WHAT IS NEEDED:
Copy out exactly, from the entries that follow, the line holding "В преддверии празднования", the line holding "1. 登录 Ozon 后台,进入", and all lines between them, but no pictures.

PROVIDED RECORDS:

=-=-=

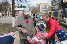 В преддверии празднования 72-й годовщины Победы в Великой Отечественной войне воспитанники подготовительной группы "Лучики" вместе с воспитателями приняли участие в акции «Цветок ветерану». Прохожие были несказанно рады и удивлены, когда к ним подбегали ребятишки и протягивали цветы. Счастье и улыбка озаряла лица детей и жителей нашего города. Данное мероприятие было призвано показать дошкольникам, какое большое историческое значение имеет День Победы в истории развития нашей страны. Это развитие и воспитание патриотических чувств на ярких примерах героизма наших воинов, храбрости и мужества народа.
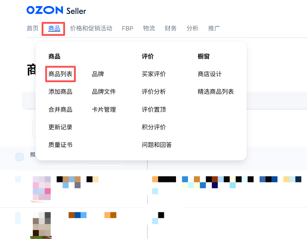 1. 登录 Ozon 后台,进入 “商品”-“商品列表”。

=-=-=

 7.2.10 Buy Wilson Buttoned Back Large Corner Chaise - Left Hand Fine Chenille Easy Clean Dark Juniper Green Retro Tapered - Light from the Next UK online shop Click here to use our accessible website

=-=-=

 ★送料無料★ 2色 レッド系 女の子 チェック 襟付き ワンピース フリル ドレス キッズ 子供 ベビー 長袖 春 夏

=-=-=

SOLUTION TO THE EXERCISE:
 В преддверии празднования 72-й годовщины Победы в Великой Отечественной войне воспитанники подготовительной группы "Лучики" вместе с воспитателями приняли участие в акции «Цветок ветерану». Прохожие были несказанно рады и удивлены, когда к ним подбегали ребятишки и протягивали цветы. Счастье и улыбка озаряла лица детей и жителей нашего города. Данное мероприятие было призвано показать дошкольникам, какое большое историческое значение имеет День Победы в истории развития нашей страны. Это развитие и воспитание патриотических чувств на ярких примерах героизма наших воинов, храбрости и мужества народа.
 1. 登录 Ozon 后台,进入 “商品”-“商品列表”。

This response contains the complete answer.